Images of sex-positive, queer, people of color are a rare find in the mainstream porn industry, but Lee and Blakovich are committed to changing this. Whether it's exploring identity through eroticism in art or porn, the hapa couple has had a long history of battling misconceptions about their race, sexuality and gender expression.

"If we don't take the power of creating images that represent us, we will continually be held subject to the assumptions and stereotypes that others create on our behalf," Blakovich says.

Aside from starring in porn videos, Blakovich and Lee have recreated images of the queer hapa body through art.
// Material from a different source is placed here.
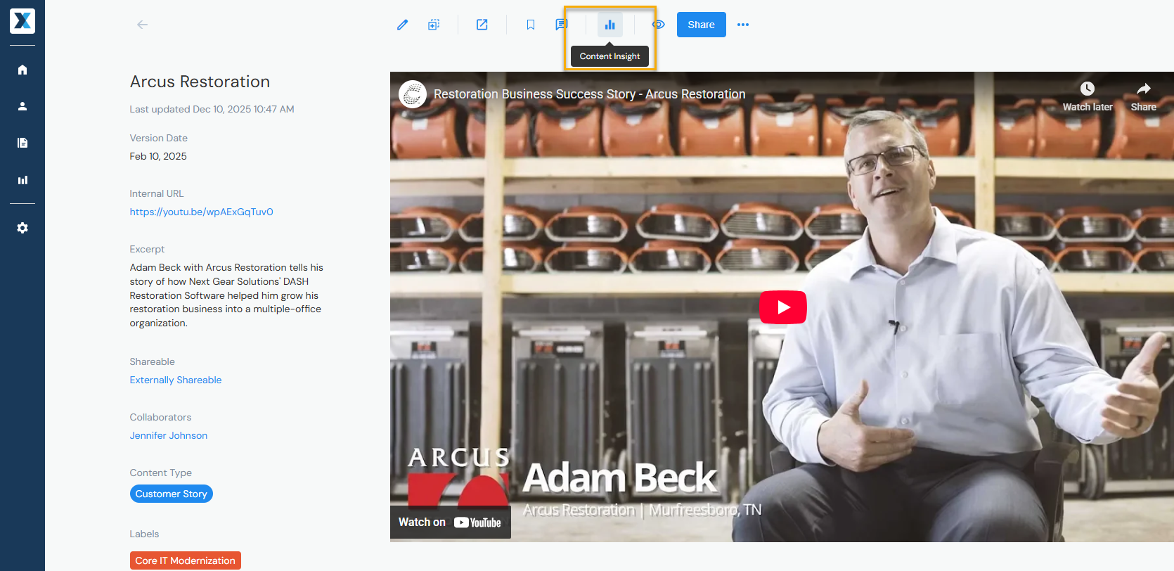 Individual content level reporting. Open any content and click Content Insight from the top toolbar to see it's overall performance and more:

Blakovich, a multi-media digital artist, and Lee, a trained dancer, explore the tensions between art and porn in their work, individually and collaboratively. "Fine art is the rich man's porn. Larry Flynt once said that newspaper stands [that sell porn] are the poor man's art gallery. I consider my work hybrid because I aim to bridge art and pornography. I don't distinguish between the two," Blakovich says.
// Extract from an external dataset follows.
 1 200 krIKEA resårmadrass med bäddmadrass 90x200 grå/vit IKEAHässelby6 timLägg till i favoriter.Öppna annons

Before teaming up with Pink and White, the genderqueer couple performed together on stage, calling themselves "Twincest" to play up on the sexual and sometimes taboo aspects of their relationship. According to Lee, "Twincest coincides with our identities and infatuation. Syd  and I feel like siblings in our experience of the world. Nothing is black and white, and this fact is even clearer when you're gray."
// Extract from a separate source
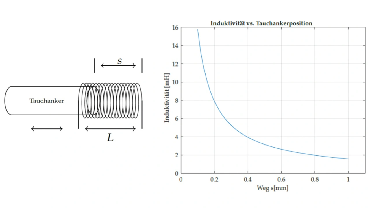 Würde eine einfache Standardspule, wie in Bild 6 dargestellt, verwendet werden und ein Target aus magnetisch leitfähigem Material in den Spuleninnenbereich stirnseitig eindringen, so würde sich die Induktivität über die Eindringtiefe s nichtlinear verändern. In dem vorliegenden neuen Ansatz wird dieser Effekt dadurch verhindert, dass der Abstand der einzelnen Planarspulen aufgrund des Leiterplattenlagenaufbaus fertigungsbeding sehr klein gewählt ist, und sich damit die Induktivität bei vorhandenem Target stetig ändert. Diese Änderungen überlagern sich somit additiv über die Eindringtiefe des Targets, was zu einem quasilinearen Anstieg der Induktivität führt. Die Sättigung der Induktivität tritt ein, wenn der Tauchanker den Spuleninnenraum komplett durchsetzt. Dieser lineare Verlauf ist bei Wegsensoren wesentlich, da dadurch eine über den gesamten Wegbereich konstante Sensorempfindlichkeit (Änderung der Induktivität pro Wegstrecke) gegeben ist und die spätere Sensorkalibration vereinfacht wird.
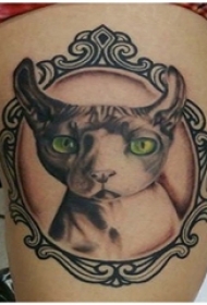 男生大腿上彩绘水彩素描文艺可爱猫咪动物纹身图片

Inspired by manga references to brotherly sexual love, the name "Twincest" resonated with them because of their similar backgrounds and shared love for eccentric performance and challenging the status quo. "My gender, race and ethnicity are fluid, sometimes performative, which I feel is a quintessential attribute of my hapaness. I think Jiz and I have a lot in common on this level," Blakovich says.

The couple met in 2004 when Blakovich exhibited her work at Slit, an Asian American art show on eroticism at The Center for Sex and Culture in San Francisco. After exchanging numbers at the exhibit, the two collaborated on a show for Asian American Dance Performances, where Lee was the executive director. "We definitely bonded over art," Lee says.

From the time they first met to star in Pink and White's most recent porn film Superfreak, which was successfully released in 2007, Lee and Blakovich have encountered many obstacles in art, porn and real life. Negotiating boundaries isn't new to this couple, who started dating while Blakovich was-and still is in an open relationship with her partner Kara. Although Blakovich enjoys a domestic life living with Kara and their two cats, she shares a social and artistic world with Lee. "A common question that I was asked was 'If you had to choose one, who would you choose?' I couldn't choose between Jiz and Kara, so I chose what I wanted:dating them both. Jiz and I are a public couple, but I live with Kara," Blakovich says.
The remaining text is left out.